İade talebinde önce ilgili devletler arasında suçluların iadesi konusunda sözleşme var mıdır, ona bakılır. Sözleşme yoksa uluslararası hukuka göre hareket edilmesi gerekirse de, ulusların iç hukukları ve siyasi mekanizmaları da belirleyici rol oynar.
Türk ceza hukukunda iade kurumu ne tamamen hukuki ve ne de tamamen siyasi bir sürece bağlıdır; karma bir sistem içinde görünmektedir. Karma sistem, karar verilirken, idari ve adli makamların birlikte yetkili olduğu sistemdir. Ancak MİT Kanunu'nda iade bakımından adli bir karar aranmadığı, yalnızca siyasi mekanizmanın yetkili olduğu hükmü bulunmaktadır. Buna göre, Dışişleri Bakanının talebi üzerine Adalet Bakanının teklifi ve Cumhurbaşkanının onayı ile tutuklu ya da hükümlü kişi başka bir ülkeye iade edilebilir veya başka bir ülkede tutuklu ya da hükümlü bulunanlar ile takas edilebilir.
Ancak uluslararası hukukta, devletlerin kendi egemenlik sahaları içerisinde bulunan bireyleri, zulme uğrama riski altında oldukları bölgelere göndermeme ilkesi vardır.

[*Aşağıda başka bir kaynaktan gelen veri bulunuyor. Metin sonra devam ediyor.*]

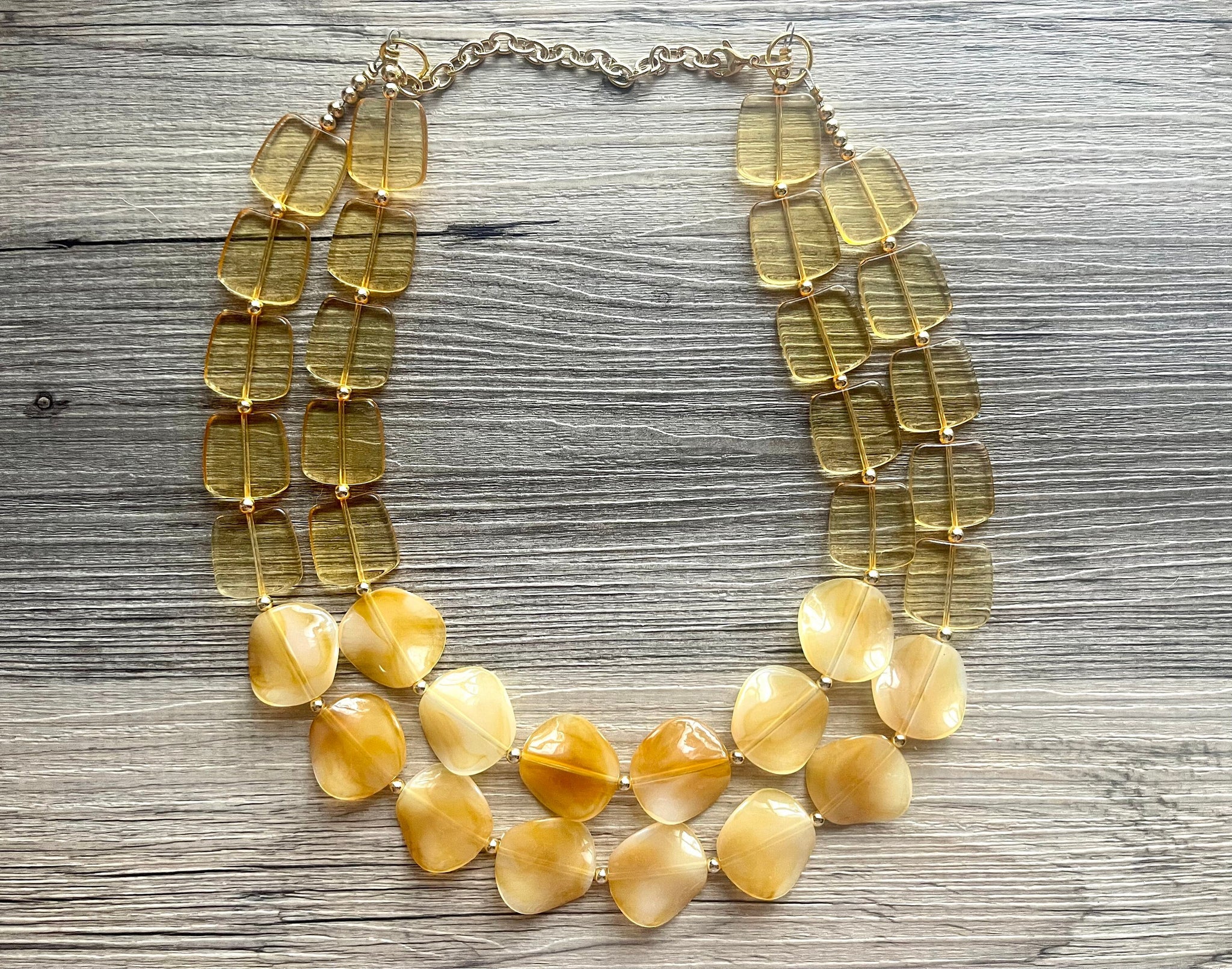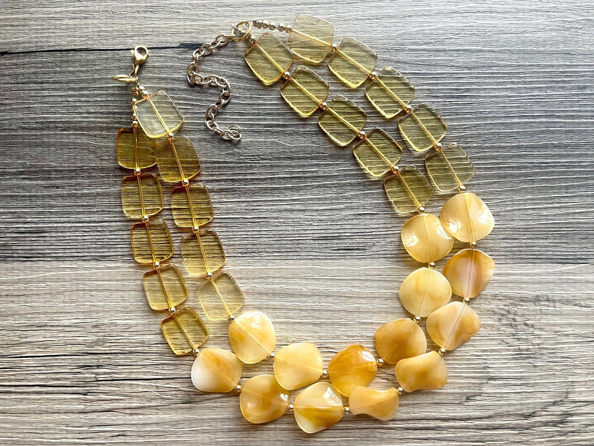 A great statement piece! A collar of yellow statement beads in a 2 strand unique piece of art.

Yani iade talebinde bulunan devletin ülkesinde yaşam hakkı, işkence yasağı, adil yargılanma hakkı, aile hayatına saygı hakkı, etkili başvuru hakkı gibi birçok hak ve özgürlük koruma ve güvence altında değilse iade istemi kabul görmez.
"Takas" ise, Türk hukukunda yeni bir kurumdur. Aslında iade, uluslararası suçlarla mücadele ve bir ülkenin diğer ülkede suç işleyen kişilerin sığınma limanı olmaması amacıyla geliştirilmiş bir sistemdir. Dolayısıyla suç işlediği iddia veya tespit edilen kişilerin takası bu sistemle uyuşmamaktadır. Zira kişinin koz gibi kullanılıp, takas teklifinde bulunan devletin istediği olmazsa, "rehin" olarak tutulması sonucu ortaya çıkmaktadır. Bugün Gülen, Zarrab ve Atilla ABD'nin Türkiye'ye karşı koz olarak kullandığı, rehin tuttuğu kişilerdir.

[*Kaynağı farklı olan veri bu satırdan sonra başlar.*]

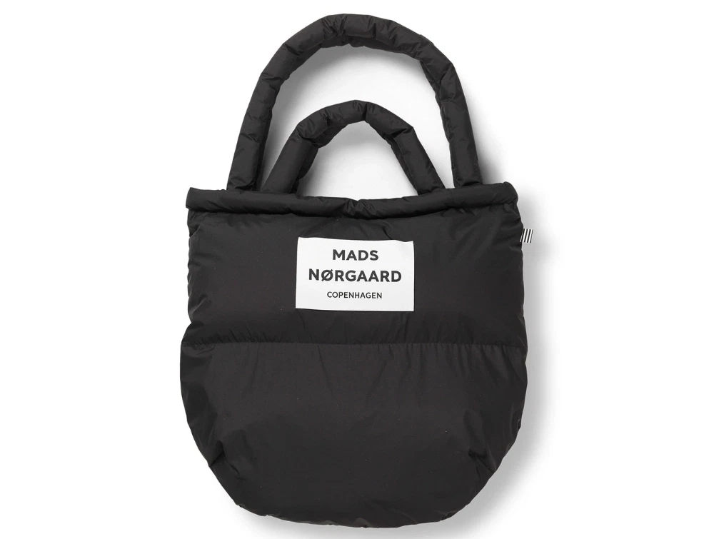 Sort taske fra Mads Nørgaard med korte og lange hankeNærbillede af Mads Nørgaard logo på sort puffertaske
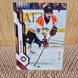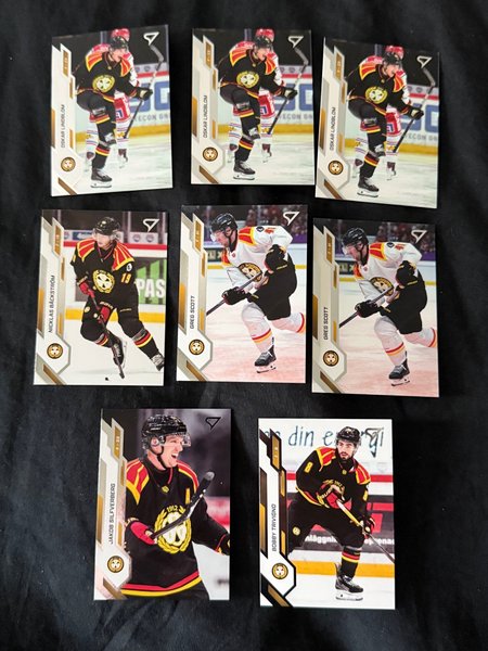 Ishockeykort med spelare som Oskar Lindblom, Nicklas Bäckström, Jakob Silfverberg, Greg Scott och Bobby Trivigno.

Yukarıda iade ile ilgili bir ilkeye değinmiştik; iade edilecek ülkede ağır insan hakları ihlâlleri varsa devletin iade etmeme yükümlülüğü doğar.

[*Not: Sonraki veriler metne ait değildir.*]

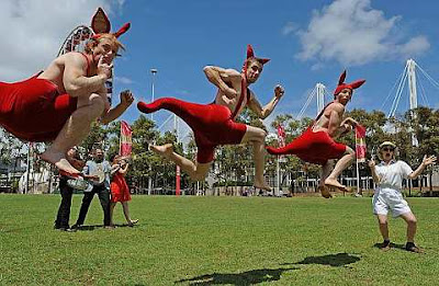 Performers from the internationally acclaimed Australian Circus Oz masquerading as kangaroos, Jeremy Davies and Paul O'Keeffe (top), perform during a media call at Tumbalong Park in Sydney on December 1, 2009. Circus Oz will bring their show "Barely Contained" to Sydney in January 2010 to entertain with a blend of acrobatic performances and comedic mayhem.

15 Temmuz'dan sonraki süreçte yoğun insan hakları ihlâlleri birçok iade talebinin reddine veya sürüncemede bırakılmasına yol açmıştır.
Nitekim darbe girişimi sonrası helikopterle Yunanistan'a kaçan 8 askeri görevlinin iadesi talebimiz 26 Ocak 2017 tarihinde Yunan Yüksek Mahkemesi tarafından reddedilmiştir. Gerekçede 15 Temmuz sonrası yaşanan sürece ve temel hukuk ilkelerine aykırılıklara dikkat çekilmiştir. Mahkeme kararına konu olan ilgili kısımda özetle bazı muhalefet partisi üyelerinin, insan hakları savunucularının, 150 kadar gazetecinin tutuklu bulunması, bunun dünya üzerindeki en yüksek sayıdaki tutuklu gazeteci olduğu, 2.386 yargı mensubunun yanında 40.000 kişinin özgürlüğünün kısıtlanması, 129.000 kişinin görevinden el çektirilmesi veya atılması gibi gelişmelerin üzerinde durulmuştur.
Almanya'ya yapılan 81 kişinin iade talebinin kabul edilmemesi de benzer gerekçelere dayanmaktadır. Buna karşın Tayyip Erdoğan'ın ajan-terörist dediği ve asla Almanya'ya iade edilmeyecek dediği Deniz Yücel'in Alman hükümetinin baskısı ile elini kolunu sallayarak ve özel uçakla Almanya'ya gitmesi, daha önce de Fransa ile benzer durumun yaşanması ABD için cesaret verici olmuş ve Papaz Brunson'un iadesi için işi tehdit ve şantaja vardırmıştır. Sonucunda da tutukluluğunun devamına karar veren mahkeme apar topar kararından rücu ederek papazı ev hapsiyle tahliye edivermiştir. ABD'ye bu yetmemiş, papazın tamamen tahliye ve iadesini talep ederek tehditlerini sürdürmüştür.
Ülkeyi yönetenlerin Türkiye'yi bu duruma düşürmeye hakları olmadığı gibi, gerek hukuki gerekse siyasi süreçte tehdit ve şantajlara karşı ciddi bir tavır koyamamış olmaları da düşündürücüdür.
Bütün bu durumlar uluslararası kamuoyunun gözünde Türkiye'nin Lozan'da kazanmış olduğu prestije gölge düşürmektedir.